If the world hadn’t been created in six days we don’t have to keep
any day as the Sabbath day because the motivation for the day of rest is false.
“11 For in six
days the LORD made heaven and earth, the sea, and all that is in them, but
rested the seventh day; therefore the LORD blessed the sabbath day and
consecrated it.” (Exodus 20; 11 NRSV)
God didn’t make
the heavens and the earth, the sea and all that is in them in six days and He
didn’t rest the seventh day. God didn’t bless the Sabbath day and didn’t
consecrate it.

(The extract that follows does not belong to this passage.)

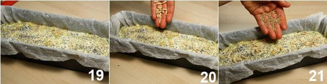 Vierte ahora la mezcla del bizcocho y luego pincela la superficie con leche; espolvorea con semillas de amapola 19, piñones y semillas de sésamo (20-21).

Jesus respected the Sabbath but rather as a tradition than as an
absolute command.
“7 But if you had
known what this means, “I desire mercy and not sacrifice”, you would not have
condemned the guiltless. 8 For the Son of Man is lord of the Sabbath.” (Matthew
12; 7-8 NRSV)
The apostle Paul
also recommended personal conviction about the respect of the Sabbath which in
his view could have been bypassed.
“5 Some judge one
day to be better than another, while others judge all days to be alike. Let all
be fully convinced in their own minds. 6 Those who observe the day, observe it
in honour of the Lord. Also those who eat, eat in honour of the Lord, since they
give thanks to God; while those who abstain, abstain in honour of the Lord and
give thanks to God.” (Romans 14; 5-6 NRSV)
If we want to be consistent with reality we don’t have to feel obligated to
respect any special day for religious reasons, neither Saturday nor Sunday, nor
another day in the week, because God didn’t take any rest after the end of the
creation. The creation isn’t ended, it is evolving all the time.